Notice the self-censoring impulse of her responses, and the self-denying nature of her thoughts:
“Who was the boy, Marianne?” Dr. Oakley asked quietly. “What did he do to you?”
Marianne didn’t reply at first, then said, in the same near-inaudible voice, that she did not wish to say the boy’s name. She did not believe that what had happened had been his fault to any degree more than it had been her fault. She’d been drinking at the party, and she had never been so sick in her life. She had made a mistake to drink and believed that friends had warned her but she could not remember clearly. She could not remember much of what had happened and even the memory of the prom itself had become blurred like a dream you know you’ve had yet can’t recall. It was there, it was real, yet she had no access to it. And she did not wish to speak in error.
Dr Oakley said, frowning, “But something was done to you, Marianne? You’ve been – ‘hurt’?”

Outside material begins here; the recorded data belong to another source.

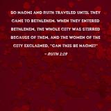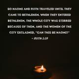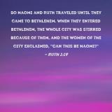 So Naomi and Ruth traveled until they came to Bethlehem. When they entered Bethlehem, the whole city was stirred because of them, and the women of the city exclaimed, "Can this be Naomi?"
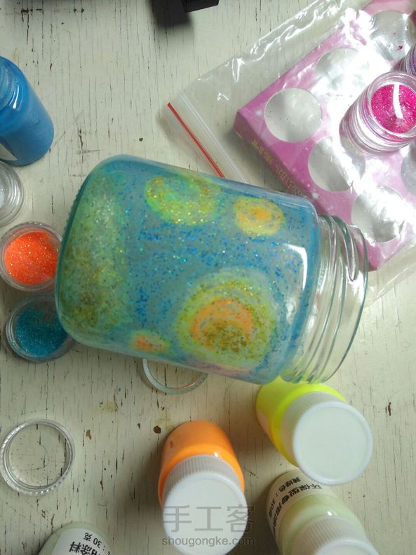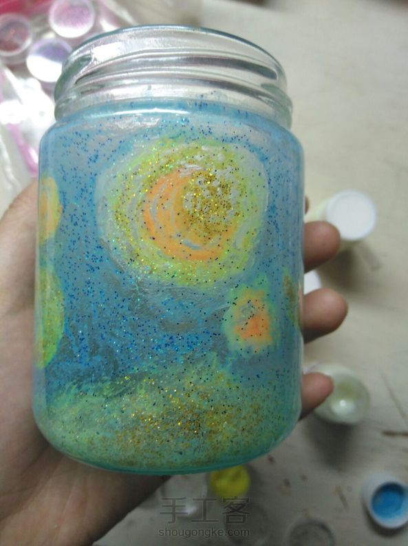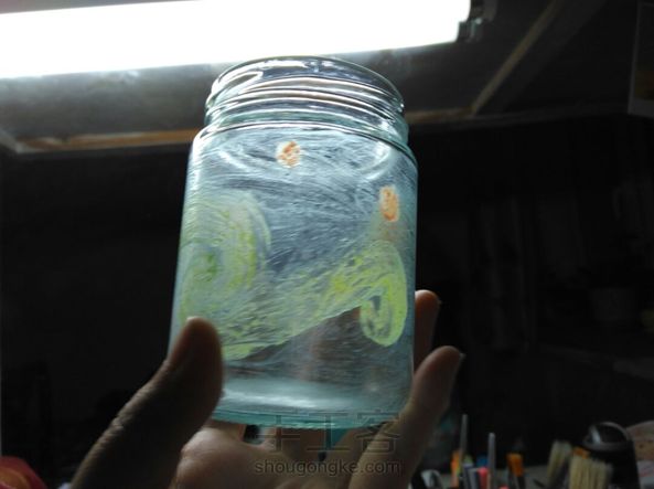 就是想试试把梵高的星月夜用夜光漆画在瓶子上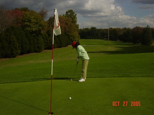 月初曾答應老公陪他打一場高爾夫,可惜因為下雨而沒有下文,給了他一張 Rain Check. 今天早晨忙著準備明後天的華盛頓賞楓之旅, 沒想到他走近身旁悄悄問我,他想去打球,有沒興趣陪他去? 看起來他沒忘記要兌現這張支票..當然我也很爽快的點頭. 掩飾不住笑容的他立即幫我去拿球具,準備午餐的三明治,還很體貼的告訴我要拿相機幫我拍打球的相片. 這樣我除了有秋景上網也可以檢討打球姿勢..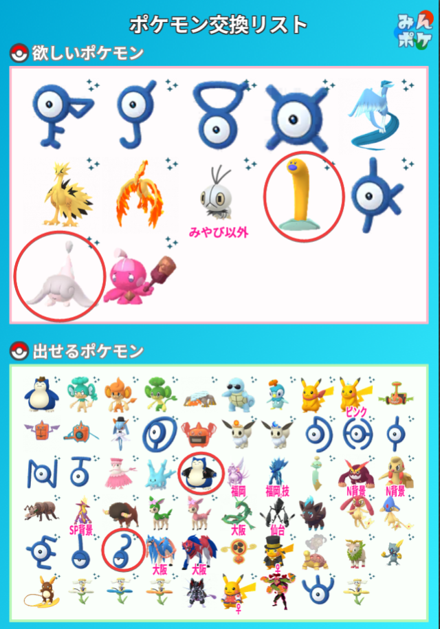 出せるポケモンと欲しいポケモンを丸で囲んでおきました。

There was the evidence she’d discovered. Marianne said slowly, of certain injuries. On her body. She had struggled with him, the boy whose name she did not wish to say, but he’d ripped her dress, and might have struck her – unless she’d fallen, slipped and fell in her high heels, on icy pavement. Trying to run from his car. It had been very cold and windy and she didn’t know where her coat was and she’d been sick. She had never been drunk before but believed that that was what had happened to her – she’d been drinking something made of orange juice and she’d been warned but had not listened, or could not remember having listened, and could not remember who’d warned her. She did not wish to name any names and to involve her friends or anyone for no one was to blame except possibly herself. She might have been running and stumbling from the boy’s car because she was going to be sick. Ashamed to be sick, vomiting in his car. […]
For the past few days she had been praying and meditating upon what to do, and she had decided she must do nothing, for it was she who had made the mistake and not the boy and she must not bear witness against him. And Marianne began to cry again, helplessly.

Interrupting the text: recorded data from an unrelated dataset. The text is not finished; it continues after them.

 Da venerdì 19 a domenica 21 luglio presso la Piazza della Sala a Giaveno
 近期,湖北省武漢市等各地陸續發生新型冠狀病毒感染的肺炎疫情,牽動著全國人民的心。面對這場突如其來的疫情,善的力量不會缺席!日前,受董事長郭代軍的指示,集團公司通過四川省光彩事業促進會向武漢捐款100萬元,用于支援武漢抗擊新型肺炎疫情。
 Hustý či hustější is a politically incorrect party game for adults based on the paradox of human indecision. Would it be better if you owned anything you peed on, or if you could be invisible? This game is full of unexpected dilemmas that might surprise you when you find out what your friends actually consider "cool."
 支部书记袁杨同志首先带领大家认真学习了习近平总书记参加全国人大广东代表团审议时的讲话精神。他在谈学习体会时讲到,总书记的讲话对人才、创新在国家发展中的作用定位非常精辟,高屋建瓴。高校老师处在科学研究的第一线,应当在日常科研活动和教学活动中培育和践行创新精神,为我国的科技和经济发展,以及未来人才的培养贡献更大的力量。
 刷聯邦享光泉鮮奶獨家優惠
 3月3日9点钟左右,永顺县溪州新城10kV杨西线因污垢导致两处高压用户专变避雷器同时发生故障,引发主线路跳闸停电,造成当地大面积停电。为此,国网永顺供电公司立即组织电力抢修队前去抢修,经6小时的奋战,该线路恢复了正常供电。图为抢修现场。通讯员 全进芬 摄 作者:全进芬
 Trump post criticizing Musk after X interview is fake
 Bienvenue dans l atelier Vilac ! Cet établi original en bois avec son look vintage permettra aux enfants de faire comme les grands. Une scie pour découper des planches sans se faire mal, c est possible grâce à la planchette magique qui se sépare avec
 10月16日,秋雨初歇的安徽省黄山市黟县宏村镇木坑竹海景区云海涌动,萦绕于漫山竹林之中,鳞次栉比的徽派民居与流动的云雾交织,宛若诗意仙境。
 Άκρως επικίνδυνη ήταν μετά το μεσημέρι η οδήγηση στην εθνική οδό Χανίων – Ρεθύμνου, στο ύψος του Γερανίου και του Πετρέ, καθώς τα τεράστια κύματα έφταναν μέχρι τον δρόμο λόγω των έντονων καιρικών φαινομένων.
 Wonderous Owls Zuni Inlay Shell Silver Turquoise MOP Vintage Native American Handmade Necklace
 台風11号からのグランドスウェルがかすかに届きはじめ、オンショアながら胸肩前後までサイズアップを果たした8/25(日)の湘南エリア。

“Did not wish”, “did not want”, “must not bear”, “she must do nothing”: Like many of Weinstein’s female victims, Marianne would rather write off the truth and white-out her memory, preferring to suffer in silence instead of seeking for help.
She fears that people won’t understand – won’t even try to understand, but do what’s far easier: speculate and shame the woman for seducing the man.

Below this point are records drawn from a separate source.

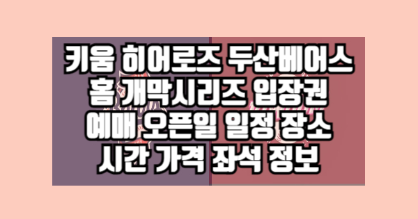 키움 히어로즈 두산베어스 홈 개막시리즈 입장권 예매 오픈일 일정 장소 시간 가격 좌석 정보를 탐구해보도록 하겠습니다. 이 내용을 모두 읽으시면 키움 히어로즈 두산베어스 홈 개막시리즈 입장권 예매 오픈일 일정 장소 시간 가격 좌석 정보를 이해하시게 될 것이라고 기대하고 있습니다. 키움 히어로즈 두산베어스 홈 개막시리즈 입장권 예매 오픈일 일정 장소 시간 가격 좌석 정보가 궁금하다면 끝까지 읽어주세요. 아래에서 모두 공유해드리겠습니다.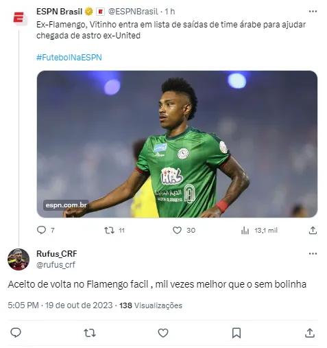 A passagem de Vitinho pelo futebol brasileiro até hoje rende muitos comentários entre torcedores de diferentes times. Colorados e botafoguenses costumam elogiar bastante o futebol do atleta, que chegou a defender o CSKA de Moscou na Europa antes de ser contratado pelo Flamengo. Porém, foi no Rubro-Negro do Rio em que o atleta conquistou os maiores títulos da carreira e atingiu a audiência dos milionários árabes. O que vinha sendo confortável para o jogador, porém, pode estar perto de acabar.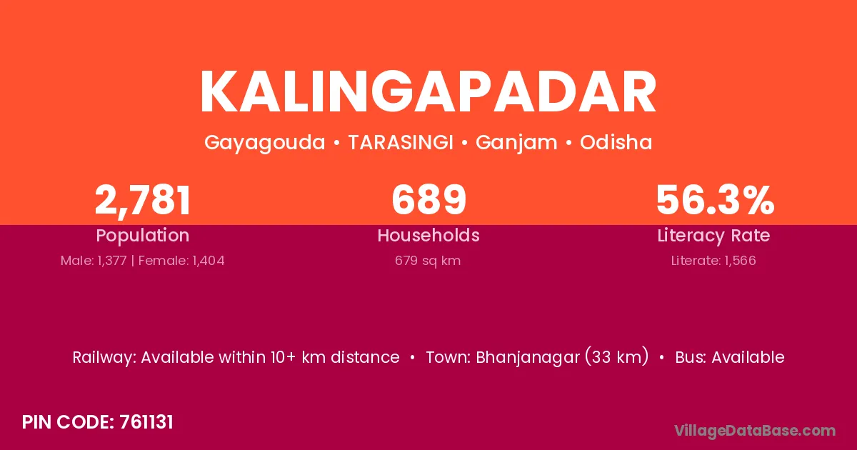 Bhanjanagar (33 km) is the nearest town to Kalingapadar village for major economic activities and is located approximately 33 km away.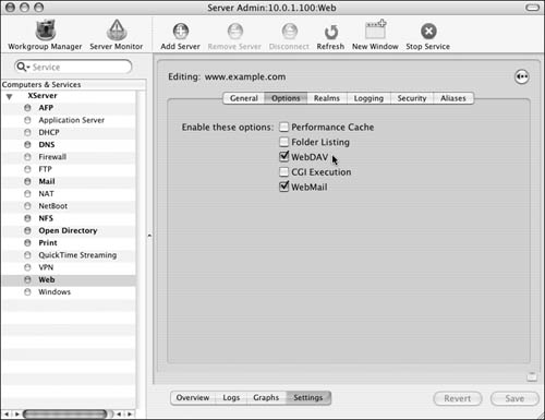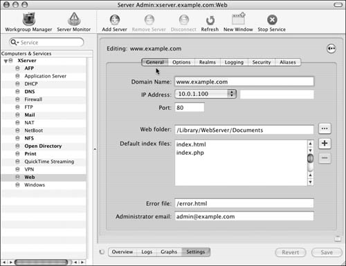 | 2. | Select the Web service for your server in the Computers & Services list (Figure 9.39).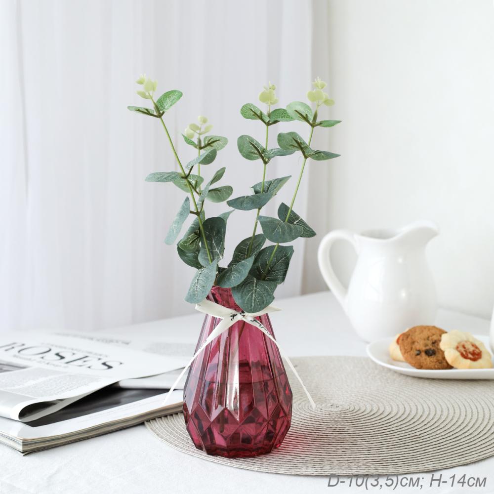Ваза для цветов 14 см розовая с лентой / WRD-100 /уп 45/ без индивидуальной упаковки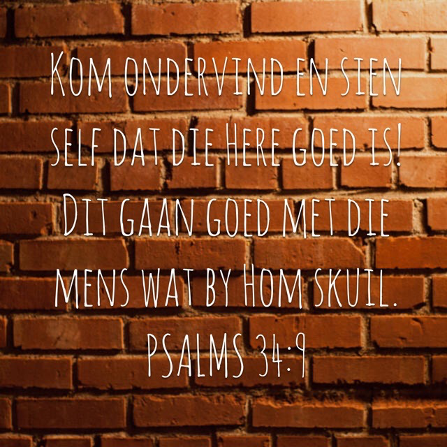 Psalm 34:9 (1983) "Kom ondervind en sien self dat die Here goed is! Dit gaan goed met die mens wat by Hom skuil."

It’s the classic Genesis narrative – had it not been for that minx Eve who fell trap to Satan’s stupid fruit bid, poor clueless Adam would never had sinned.
‘The Fall of Man’, by Jan Brueghel and Peter Paul Rubens
Misogyny, as we know, is no new thing under the sun.
Ultimately, people treat us how we want and teach them to treat us, so if we don’t think much of ourselves anyway, predatory men will pick up on our fear of not being enough from a mile away.
I’ve noticed, then, that the more confident and certain a woman is about her worth, the less likely she is to be a victim of misogyny.
But instead of seeing predatory or disrespectful men as ‘enemies’ or ‘monsters’, understand that deep down they harbour deep, crippling insecurities about their manhood, and as such are desperate for sexual validation, which they can only obtain from the other sex. In this sense, perhaps no one is more human than them.
So choose to feel sorry for these souls and step away, because your time is better spent with people who truly value your worth, be that your loved ones or yourself.